Task material:
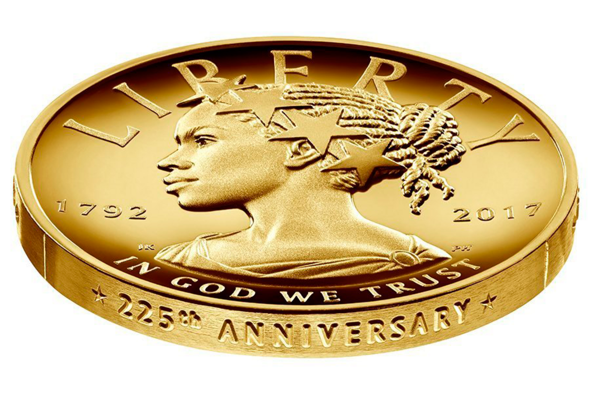 On Thursday, the Mint . The coin 鈥 a $100 collector鈥檚 item struck in 24-karat gold 鈥 features Lady Liberty, for the first time portrayed as an African-American woman. She wears a crown of stars聽and is surrounded by the inscriptions 鈥淟iberty,鈥 鈥淚n God We Trust,鈥 and the dates of the Mint鈥檚 anniversary.
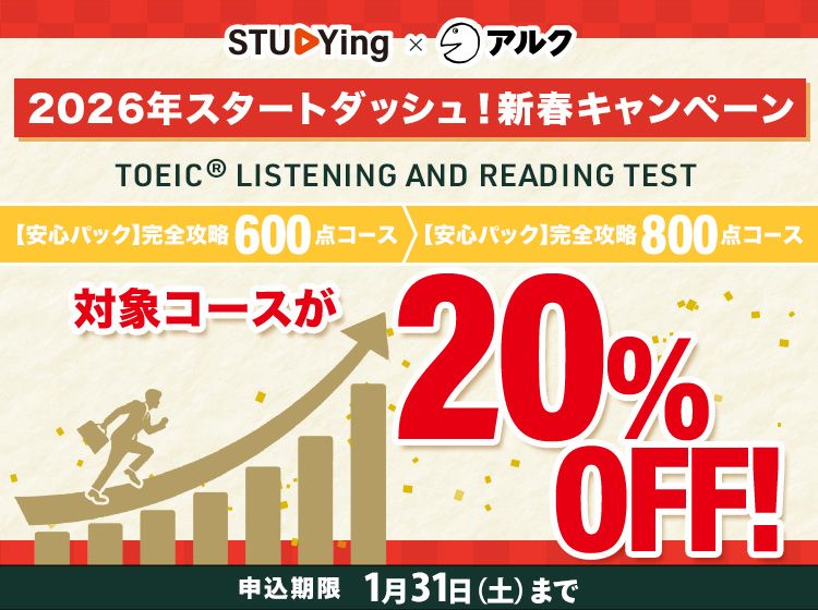 ![]() | TOEIC® TEST 2026/1/31(土)まで TOEIC® TEST 2026年スタートダッシュ!新春キャンペーン【安心パックが20%OFF!2026/1/31(土)まで】この冬からTOEICスコアアップを目指して学習を始める皆様を応援します!スマートフォン一つで学習できるスタディングで、600点・800点クリアを一緒に目指しましょう! |
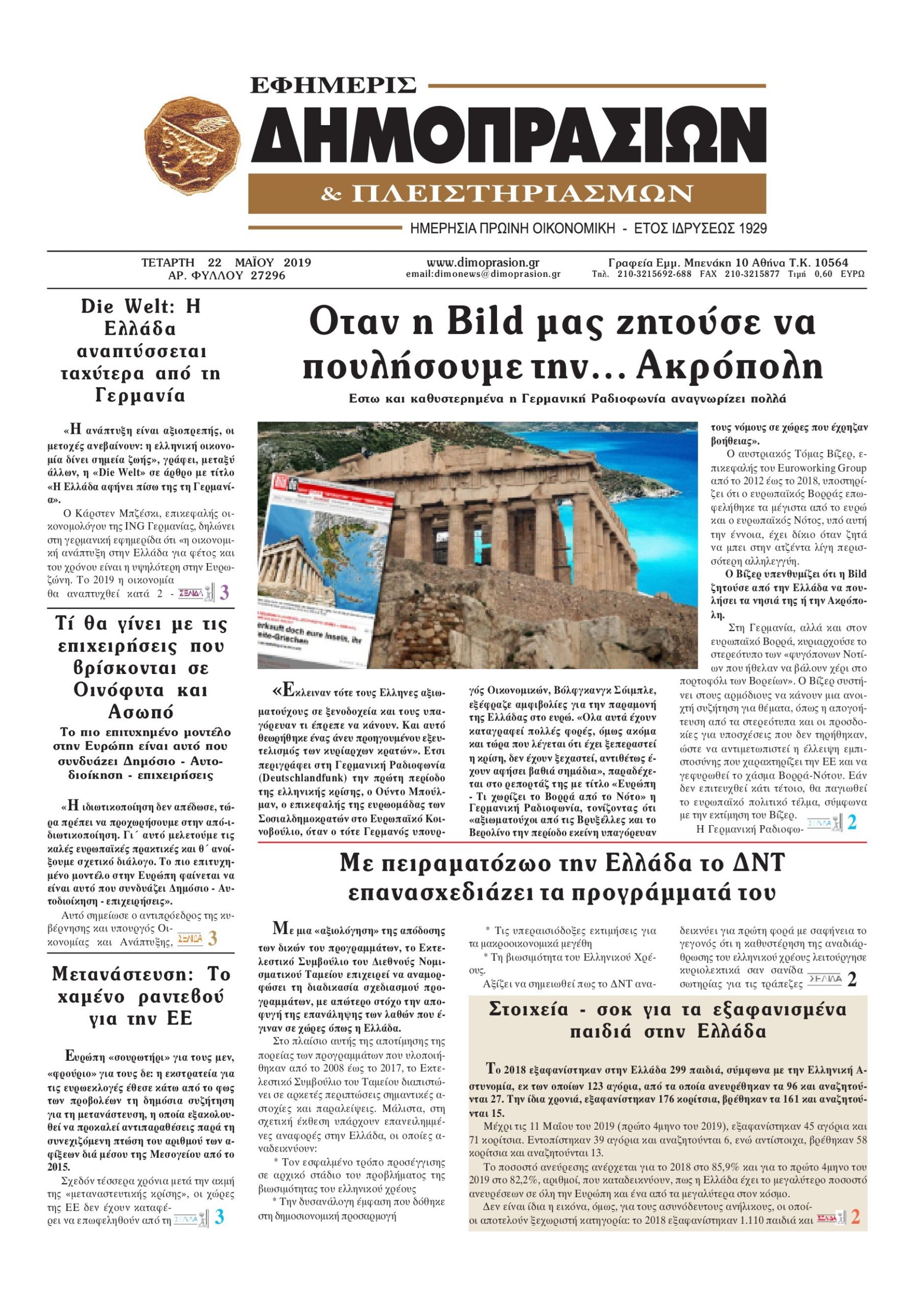 Οι οικονομικές εφημερίδες 22/5/2019 Enikos Newsroom 06:54, Τετάρτη 22 Μαΐου 2019 Media Διαβάστε τα πρωτοσέλιδα των οικονομικών εφημερίδων: ΟΙΚΟΝΟΜΙΚΕΣ ΕΦΗΜΕΡΙΔΕΣ ΠΡΩΤΟΣΕΛΙΔΑ Μοιράσου το: σχολίασε κι εσύ (0 σχόλια) Ακολουθήστε το enikos.gr στο Google News και μάθετε πρώτοι όλες τις ειδήσεις Δείτε όλες τις τελευταίες ειδήσεις από την Ελλάδα και τον Κόσμο στο enikos.gr Ειδήσεις Ροή Ειδήσεων 2 ώρες πριν Με μπλόκα η έξοδος των εκδρομέων για τα Χριστούγεννα – Οι αγρότες αναδιατάσσουν τα τρακτέρ τους 2 ώρες πριν Χριστούγεννα: Πόσο ακριβότερο είναι φέτος το γιορτινό τραπέζι – Τι θα αγοράσουν οι καταναλωτές 43 λεπτά πριν Θεσσαλονίκη: Φωτιά σε όχημα στον περιφερειακό – Δείτε βίντεο αναγνώστη 49 λεπτά πριν Ο «Χρυσός Στόλος» των ΗΠΑ: Το σχέδιο για θωρηκτά «100 φορές πιο ισχυρά» – Τα όπλα που θα φέρουν τα πλοία της κλάσης «Τραμπ» 2 ώρες πριν Υπουργικό Συμβούλιο: Στις 11:00 η συνεδρίαση – Τι θα πει ο Πρωθυπουργός στους αγρότες και η ατζέντα για τις μεταρρυθμίσεις 4 ώρες πριν Φλεγμονή: Έμπειρη μαγείρισσα αποκαλύπτει το πανίσχυρο ελληνικό βότανο που την καταπολεμά 4 ώρες πριν Τα ζώδια σήμερα, Τρίτη 23 Δεκεμβρίου: Υδροχόοι, κάποιος μπορεί να μοιάζει ιδανικός στην φαντασία σας 1 ώρα πριν Ανακαλύφθηκε μωσαϊκό της ύστερης αρχαιότητας με ελληνική επιγραφή 3 ημέρες πριν Enerwave: Το νέο «ρεύμα» στη λιανική ενέργειας που αλλάζει την εμπειρία του καταναλωτή 5 λεπτά πριν Η Coca-Cola και ο Ελληνικός Ερυθρός Σταυρός μαζί αυτά τα Χριστούγεννα: Μια μεγάλη αγκαλιά για τους συνανθρώπους μας που έχουν ανάγκη 10 λεπτά πριν Ηράκλειο: Πέταξαν κόκκινη μπογιά στο κτίριο της Διεύθυνσης Αγροτικής Ανάπτυξης 15 λεπτά πριν Τζέι Ντι Βανς: «Σαν να με χτύπησε τρένο» – Φωτογραφίες από την εξαντλητική προπόνηση με την ελίτ μονάδα του Πολεμικού Ναυτικού 19 λεπτά πριν Χριστούγεννα: Τροποποιήσεις στα δρομολόγια των Μέσων Μαζικής Μεταφοράς – Πώς θα κινηθούν 25 λεπτά πριν Οι εταιρείες-βιτρίνες του «Έλληνα Εσκομπάρ» – Το «πλυντήριο» του καρτέλ ENIKOS NETWORK Στοιχεία σοκ για τη χρήση ναρκωτικών και αλκοόλ από ανήλικους-Καμπανάκι κινδύνου ενόψει γιορτών Οι τρεις καλύτερες τροφές και μια χειρότερη για ανοσία αυτές τις γιορτές, σύμφωνα με το Κλίβελαντ Καιρός: Βροχές και καταιγίδες σήμερα – Πώς θα κάνουμε Χριστούγεννα Φορέας Απόκτησης και Επαναμίσθωσης Ακινήτων: Πότε θα κάνει πρεμιέρα – Ερωτήσεις και απαντήσεις για τη λειτουργία του Ο Google Assistant θα παραμείνει λίγο περισσότερο για ορισμένους χρήστες Android Τεστ προσωπικότητας: Το βάζο που θα επιλέξετε αποκαλύπτει πώς λύνετε προβλήματα στη ζωή σας περισσότερα 07:01 , Τρίτη 23 Δεκεμβρίου 2025 Την Κυριακή με τη Realnews: Δωροεπιταγή 10€ Την Κυριακή με τη Realnews: Δωροεπιταγή 10€ Δωροεπιταγή αξίας 10€ για αγορές άνω των 60€ από τ... 20:16 , Δευτέρα 22 Δεκεμβρίου 2025 «Το παιδί από την αρχή»: Special edition επεισόδια της επιτυχημένης σειράς αρχίζουν από σήμερα στην ΕΡΤ1 «Το παιδί», η ξεχωριστή σειρά της ΕΡΤ1 με στοιχεία μαύρης κωμωδίας, που φέρει την υπογραφή του... 19:41 , Δευτέρα 22 Δεκεμβρίου 2025 Porto Leone: Στη γειτονιά με τα κόκκινα φανάρια – Η Αλεξάνδρα ανακαλύπτει το μυστικό της Γαλήνης και της στήνει παγίδα Απόψε στις 22:30 στον Alpha η συγκλονιστική συνέχεια της δραματικής σειράς του Apha «Porto Leo... 19:16 , Δευτέρα 22 Δεκεμβρίου 2025 Άγιος έρωτας: Η Πετρούλα αφήνει την τελευταία της πνοή Καθηλώνει το προτελευταίο επεισόδιο της χρονιάς της σειράς “Άγιος Έρωτας” απόψε στ... ΤΕΛΕΥΤΑΙΕΣ ΕΙΔΗΣΕΙΣ 10 λεπτά πριν Ηράκλειο: Πέταξαν κόκκινη μπογιά στο κ
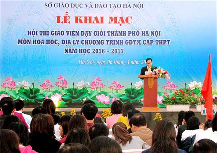 Năm học 2016-2017, Sở GDĐT Hà Nội tổ chức thi Giáo viên dạy giỏi ở bộ môn Hóa học và Địa lý. Tham dự Hội thi có 35 giáo viên tiêu biểu đến từ các Trung tâm GDNN- GDTX trên địa bàn Thủ đô. Các thầy cô giáo dự thi sẽ trải qua hai phần thi: phần thi lý thuyết (kiểm tra năng lực hiểu biết về kiến thức chuyên môn, nghiệp vụ) và phần thi thực hành (giảng dạy 2 tiết trong chương trình GDTX cấp THPT). Phần thi thực hành sẽ diễn ra từ ngày 07/3 đến hết ngày 14/3/2017 tại 5 cụm thi tại các quận huyện.
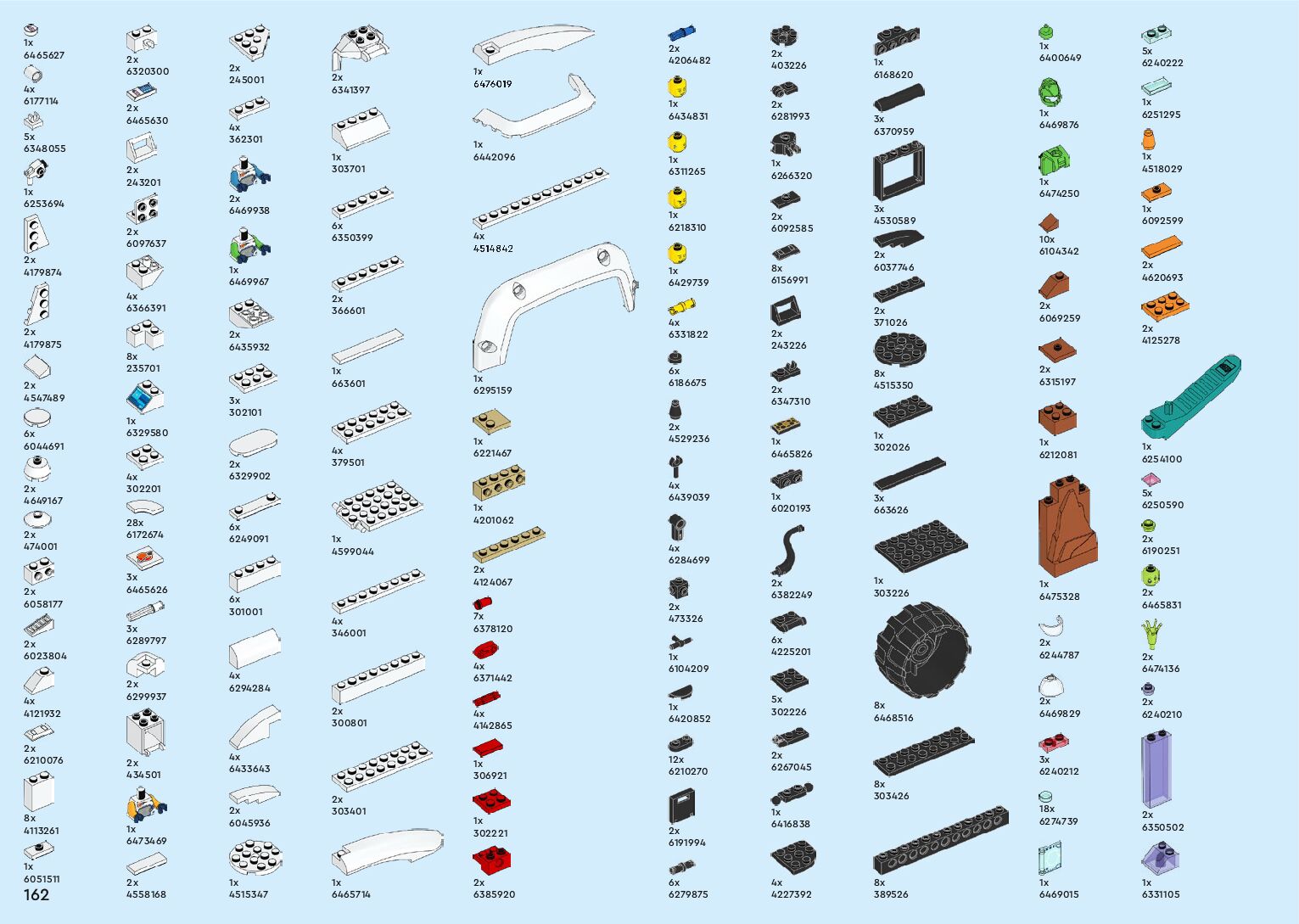 The assembly guide is prepared in a very understandable way for children and adult LEGO enthusiasts. A total of 164 picture galleries are shown, explaining the step-by-step construction stages for 1 different structures.
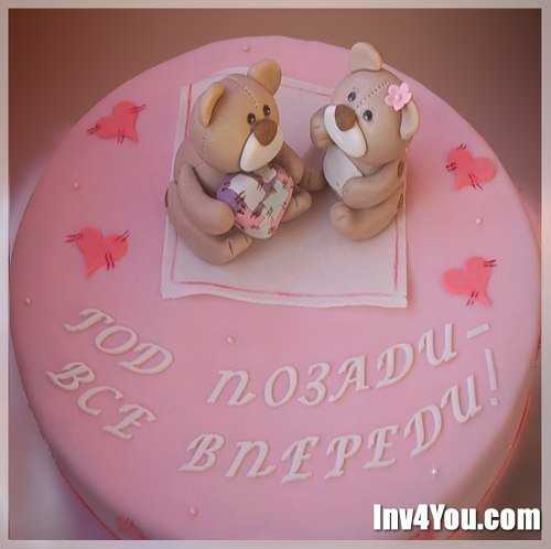 Торт на первую годовщину свадьбы можно украсить такими надписями, как: «Год позади — все впереди!», «Все только начинается!», «…+… = Любовь!» (где точки — это имена пары), «1 год под одним одеялом», «Нашей семье 1 год».
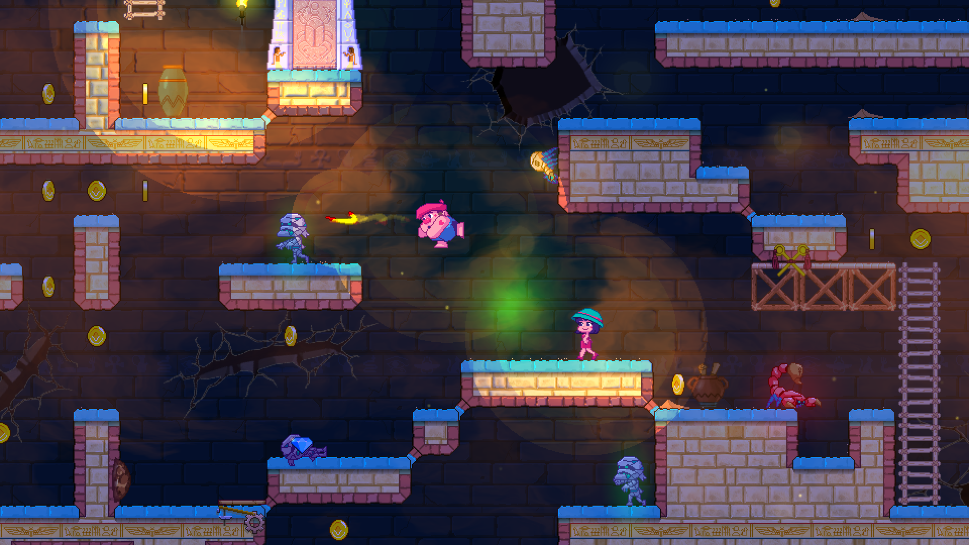 Играйте за Джорджио или Фелисию в одиночном или кооперативном режиме, либо против друг друга. Легко переключайтесь между персонажами, чтобы использовать их уникальные способности.
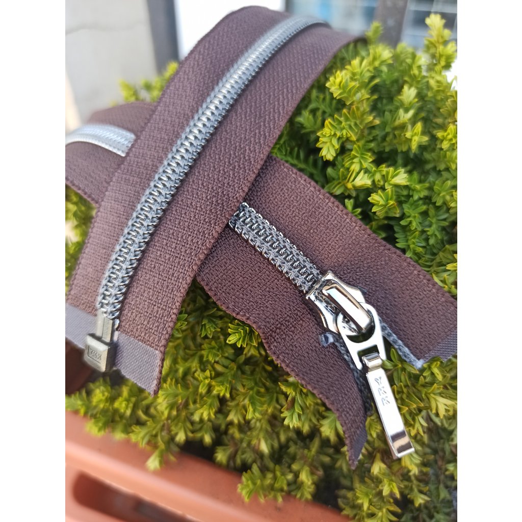 dělitelný spirálový zip YKK - 60 cm, brownie se stříbrnou spirálou

The task:
Transcribe the data verbatim. No picture belongs in the result.

Written reply:
 On Thursday, the Mint . The coin 鈥 a $100 collector鈥檚 item struck in 24-karat gold 鈥 features Lady Liberty, for the first time portrayed as an African-American woman. She wears a crown of stars聽and is surrounded by the inscriptions 鈥淟iberty,鈥 鈥淚n God We Trust,鈥 and the dates of the Mint鈥檚 anniversary.
 ![]() | TOEIC® TEST 2026/1/31(土)まで TOEIC® TEST 2026年スタートダッシュ!新春キャンペーン【安心パックが20%OFF!2026/1/31(土)まで】この冬からTOEICスコアアップを目指して学習を始める皆様を応援します!スマートフォン一つで学習できるスタディングで、600点・800点クリアを一緒に目指しましょう! |
 Οι οικονομικές εφημερίδες 22/5/2019 Enikos Newsroom 06:54, Τετάρτη 22 Μαΐου 2019 Media Διαβάστε τα πρωτοσέλιδα των οικονομικών εφημερίδων: ΟΙΚΟΝΟΜΙΚΕΣ ΕΦΗΜΕΡΙΔΕΣ ΠΡΩΤΟΣΕΛΙΔΑ Μοιράσου το: σχολίασε κι εσύ (0 σχόλια) Ακολουθήστε το enikos.gr στο Google News και μάθετε πρώτοι όλες τις ειδήσεις Δείτε όλες τις τελευταίες ειδήσεις από την Ελλάδα και τον Κόσμο στο enikos.gr Ειδήσεις Ροή Ειδήσεων 2 ώρες πριν Με μπλόκα η έξοδος των εκδρομέων για τα Χριστούγεννα – Οι αγρότες αναδιατάσσουν τα τρακτέρ τους 2 ώρες πριν Χριστούγεννα: Πόσο ακριβότερο είναι φέτος το γιορτινό τραπέζι – Τι θα αγοράσουν οι καταναλωτές 43 λεπτά πριν Θεσσαλονίκη: Φωτιά σε όχημα στον περιφερειακό – Δείτε βίντεο αναγνώστη 49 λεπτά πριν Ο «Χρυσός Στόλος» των ΗΠΑ: Το σχέδιο για θωρηκτά «100 φορές πιο ισχυρά» – Τα όπλα που θα φέρουν τα πλοία της κλάσης «Τραμπ» 2 ώρες πριν Υπουργικό Συμβούλιο: Στις 11:00 η συνεδρίαση – Τι θα πει ο Πρωθυπουργός στους αγρότες και η ατζέντα για τις μεταρρυθμίσεις 4 ώρες πριν Φλεγμονή: Έμπειρη μαγείρισσα αποκαλύπτει το πανίσχυρο ελληνικό βότανο που την καταπολεμά 4 ώρες πριν Τα ζώδια σήμερα, Τρίτη 23 Δεκεμβρίου: Υδροχόοι, κάποιος μπορεί να μοιάζει ιδανικός στην φαντασία σας 1 ώρα πριν Ανακαλύφθηκε μωσαϊκό της ύστερης αρχαιότητας με ελληνική επιγραφή 3 ημέρες πριν Enerwave: Το νέο «ρεύμα» στη λιανική ενέργειας που αλλάζει την εμπειρία του καταναλωτή 5 λεπτά πριν Η Coca-Cola και ο Ελληνικός Ερυθρός Σταυρός μαζί αυτά τα Χριστούγεννα: Μια μεγάλη αγκαλιά για τους συνανθρώπους μας που έχουν ανάγκη 10 λεπτά πριν Ηράκλειο: Πέταξαν κόκκινη μπογιά στο κτίριο της Διεύθυνσης Αγροτικής Ανάπτυξης 15 λεπτά πριν Τζέι Ντι Βανς: «Σαν να με χτύπησε τρένο» – Φωτογραφίες από την εξαντλητική προπόνηση με την ελίτ μονάδα του Πολεμικού Ναυτικού 19 λεπτά πριν Χριστούγεννα: Τροποποιήσεις στα δρομολόγια των Μέσων Μαζικής Μεταφοράς – Πώς θα κινηθούν 25 λεπτά πριν Οι εταιρείες-βιτρίνες του «Έλληνα Εσκομπάρ» – Το «πλυντήριο» του καρτέλ ENIKOS NETWORK Στοιχεία σοκ για τη χρήση ναρκωτικών και αλκοόλ από ανήλικους-Καμπανάκι κινδύνου ενόψει γιορτών Οι τρεις καλύτερες τροφές και μια χειρότερη για ανοσία αυτές τις γιορτές, σύμφωνα με το Κλίβελαντ Καιρός: Βροχές και καταιγίδες σήμερα – Πώς θα κάνουμε Χριστούγεννα Φορέας Απόκτησης και Επαναμίσθωσης Ακινήτων: Πότε θα κάνει πρεμιέρα – Ερωτήσεις και απαντήσεις για τη λειτουργία του Ο Google Assistant θα παραμείνει λίγο περισσότερο για ορισμένους χρήστες Android Τεστ προσωπικότητας: Το βάζο που θα επιλέξετε αποκαλύπτει πώς λύνετε προβλήματα στη ζωή σας περισσότερα 07:01 , Τρίτη 23 Δεκεμβρίου 2025 Την Κυριακή με τη Realnews: Δωροεπιταγή 10€ Την Κυριακή με τη Realnews: Δωροεπιταγή 10€ Δωροεπιταγή αξίας 10€ για αγορές άνω των 60€ από τ... 20:16 , Δευτέρα 22 Δεκεμβρίου 2025 «Το παιδί από την αρχή»: Special edition επεισόδια της επιτυχημένης σειράς αρχίζουν από σήμερα στην ΕΡΤ1 «Το παιδί», η ξεχωριστή σειρά της ΕΡΤ1 με στοιχεία μαύρης κωμωδίας, που φέρει την υπογραφή του... 19:41 , Δευτέρα 22 Δεκεμβρίου 2025 Porto Leone: Στη γειτονιά με τα κόκκινα φανάρια – Η Αλεξάνδρα ανακαλύπτει το μυστικό της Γαλήνης και της στήνει παγίδα Απόψε στις 22:30 στον Alpha η συγκλονιστική συνέχεια της δραματικής σειράς του Apha «Porto Leo... 19:16 , Δευτέρα 22 Δεκεμβρίου 2025 Άγιος έρωτας: Η Πετρούλα αφήνει την τελευταία της πνοή Καθηλώνει το προτελευταίο επεισόδιο της χρονιάς της σειράς “Άγιος Έρωτας” απόψε στ... ΤΕΛΕΥΤΑΙΕΣ ΕΙΔΗΣΕΙΣ 10 λεπτά πριν Ηράκλειο: Πέταξαν κόκκινη μπογιά στο κ
 Năm học 2016-2017, Sở GDĐT Hà Nội tổ chức thi Giáo viên dạy giỏi ở bộ môn Hóa học và Địa lý. Tham dự Hội thi có 35 giáo viên tiêu biểu đến từ các Trung tâm GDNN- GDTX trên địa bàn Thủ đô. Các thầy cô giáo dự thi sẽ trải qua hai phần thi: phần thi lý thuyết (kiểm tra năng lực hiểu biết về kiến thức chuyên môn, nghiệp vụ) và phần thi thực hành (giảng dạy 2 tiết trong chương trình GDTX cấp THPT). Phần thi thực hành sẽ diễn ra từ ngày 07/3 đến hết ngày 14/3/2017 tại 5 cụm thi tại các quận huyện.
 The assembly guide is prepared in a very understandable way for children and adult LEGO enthusiasts. A total of 164 picture galleries are shown, explaining the step-by-step construction stages for 1 different structures.
 Торт на первую годовщину свадьбы можно украсить такими надписями, как: «Год позади — все впереди!», «Все только начинается!», «…+… = Любовь!» (где точки — это имена пары), «1 год под одним одеялом», «Нашей семье 1 год».
 Играйте за Джорджио или Фелисию в одиночном или кооперативном режиме, либо против друг друга. Легко переключайтесь между персонажами, чтобы использовать их уникальные способности.
 dělitelný spirálový zip YKK - 60 cm, brownie se stříbrnou spirálou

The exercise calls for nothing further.